Питер протянул руку, и Кэтрин передала ему письмо. Торп развернул листки и стал читать при свете камина. Он несколько раз подносил к губам стакан с мартини, однако не отрывал глаз от письма.
Наконец он поднял взгляд на Кэтрин и вернул ей странички.
— Где дневник?
— Его мне должны передать. Что ты думаешь обо всем этом, Питер?
Торп, вставая, пожал плечами. Он нащупал пачку сигарет, лежавшую на каминной полке, и достал одну, стоя спиной к Кэтрин.
— Это интересно.
Она подошла к нему и вгляделась в его красивое лицо. Питер казался более взволнованным, чем это можно было понять из его слов. Он произнес:
— Кейт, бедная. Наверное, это так тяжело, через столько лет…

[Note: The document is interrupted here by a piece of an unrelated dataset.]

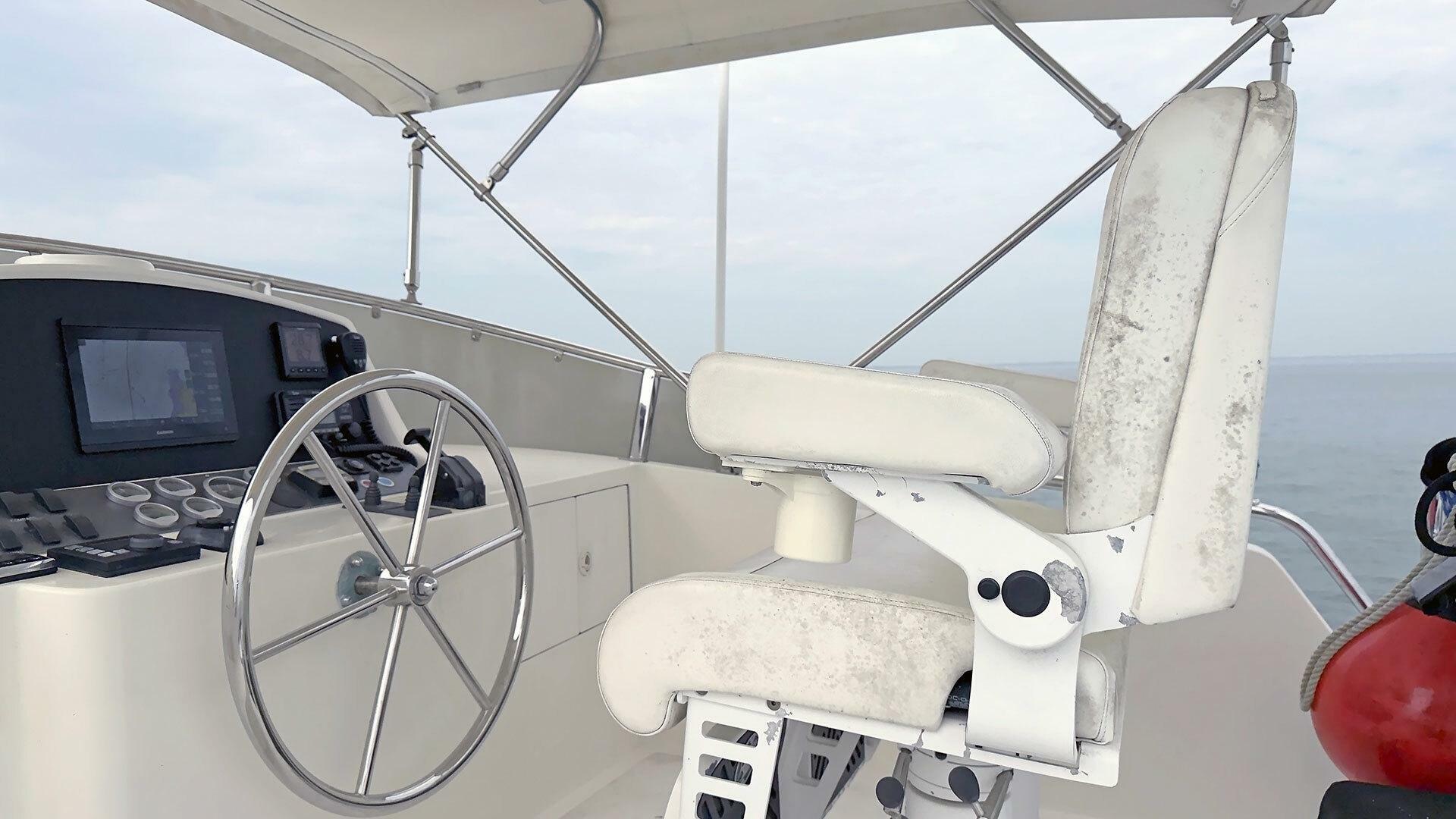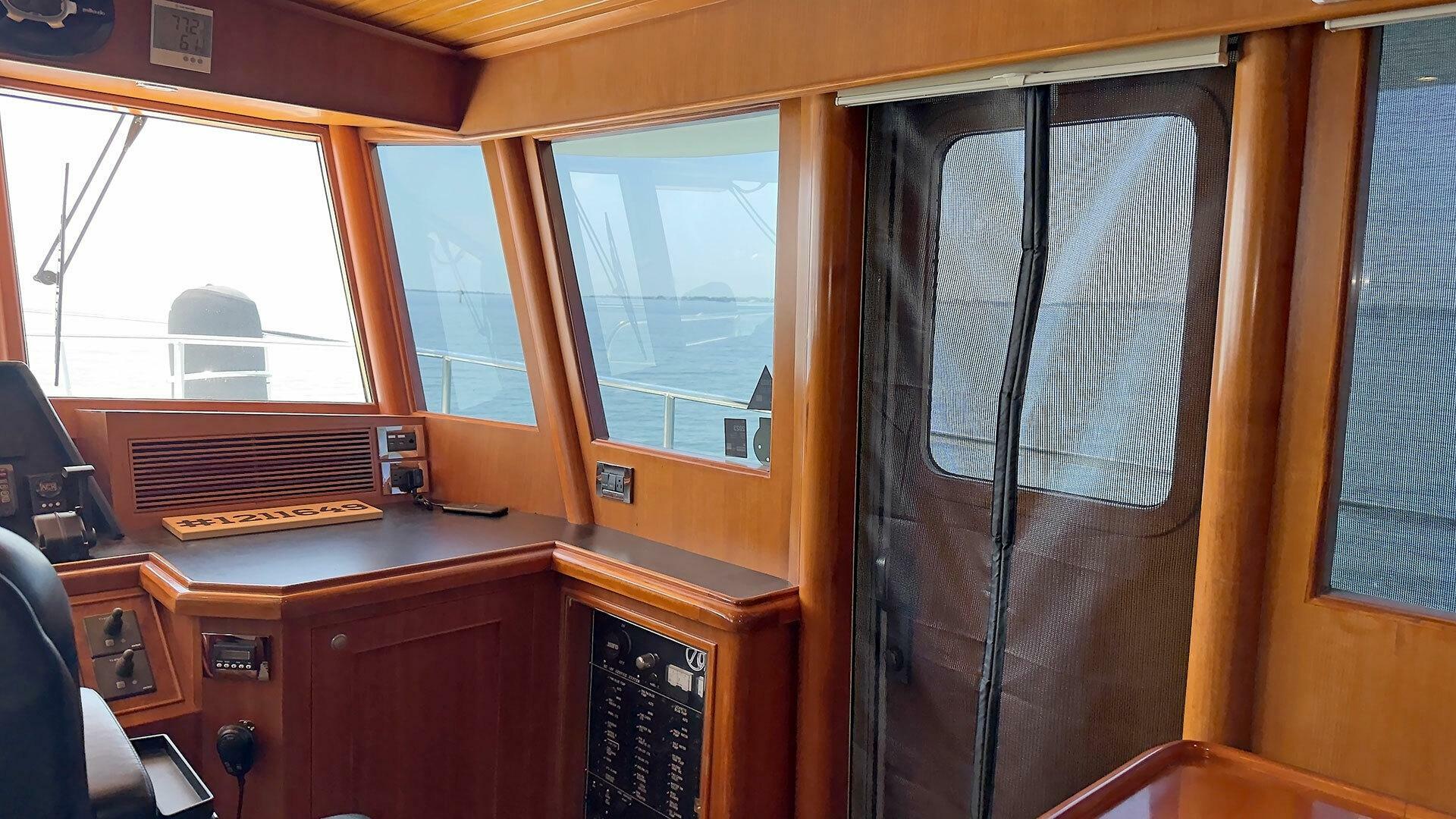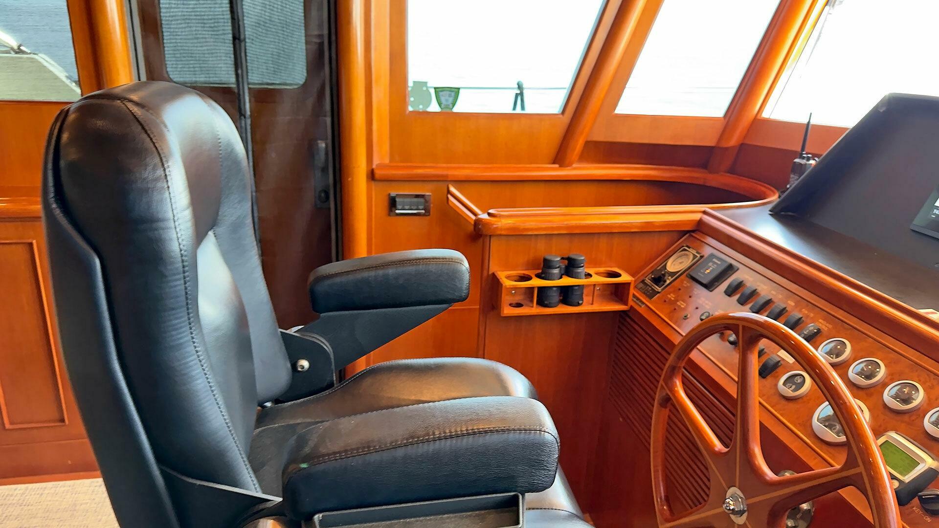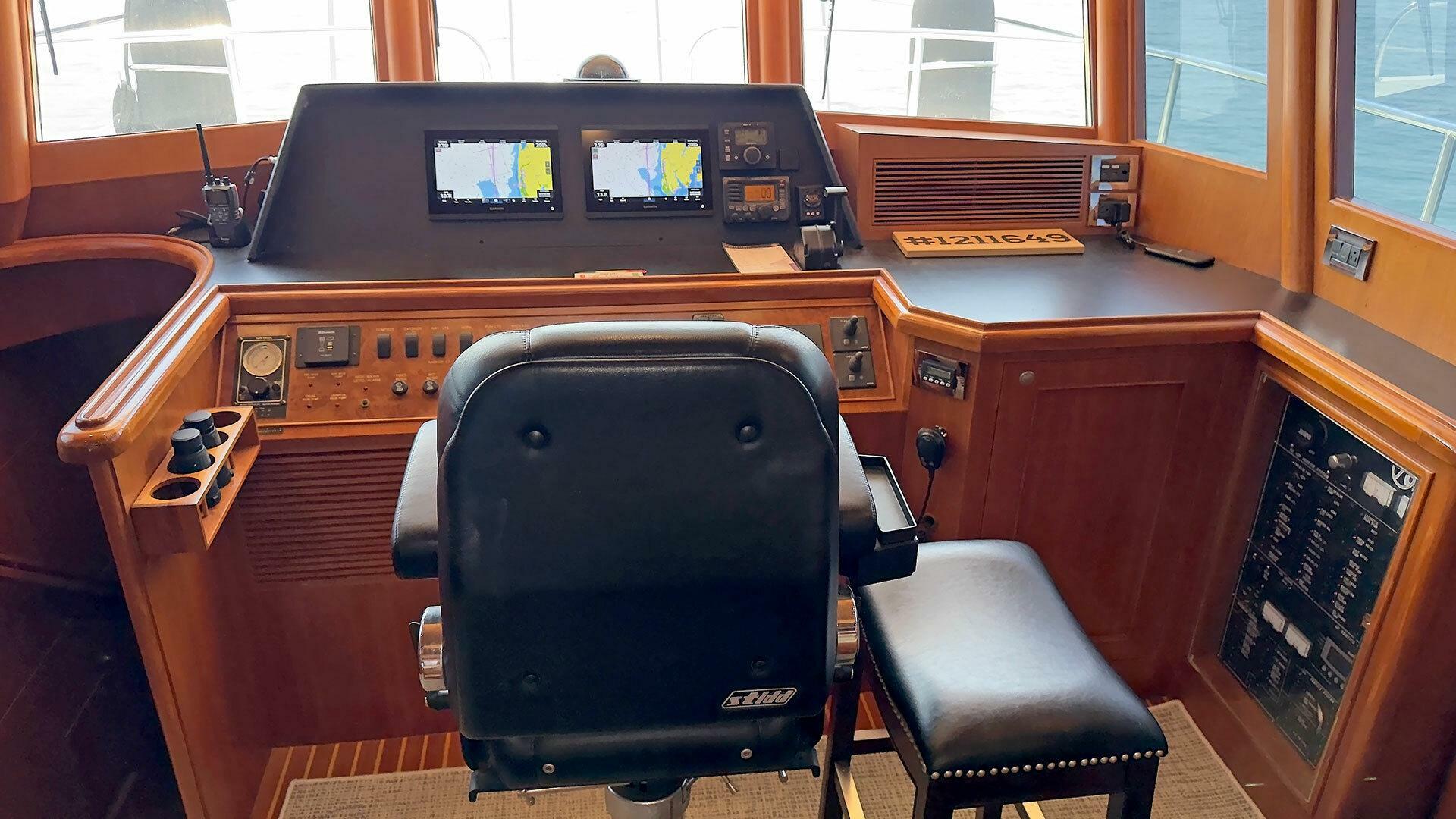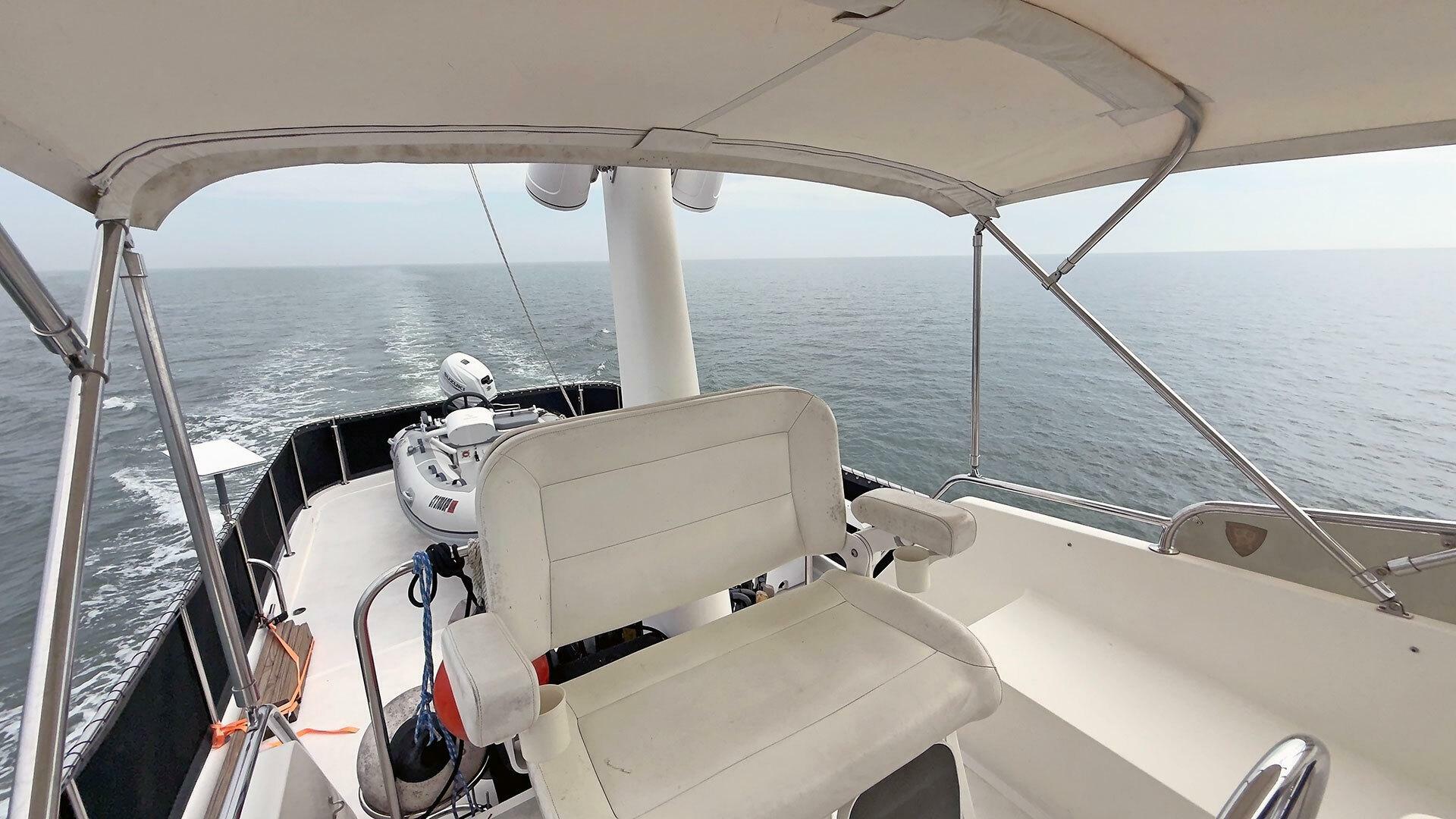 Looking for a fuel-efficient coastal cruising trawler that can head straight to the Bahamas or do the Great Loop? Lightning is a 2007 Ocean Alexander 50 Classicco powered by a 300 HP John Deere 6068 enjoying a smooth ride underway courtesy of her Key Power active fins stabilizers.

— Да, в том, что касается лично меня. Но меня еще больше расстраивает все остальное.
— Правда? Ты совсем не знала своего отца.
Она погладила Питера по щеке и повернула его лицом к себе.
— Ты знаешь что-нибудь об этом деле?
— Нет. Но я правильно понял из твоего телефонного разговора с Абрамсом, что Карбури будет сегодня на вечере? Наверное, там он и отдаст тебе дневник?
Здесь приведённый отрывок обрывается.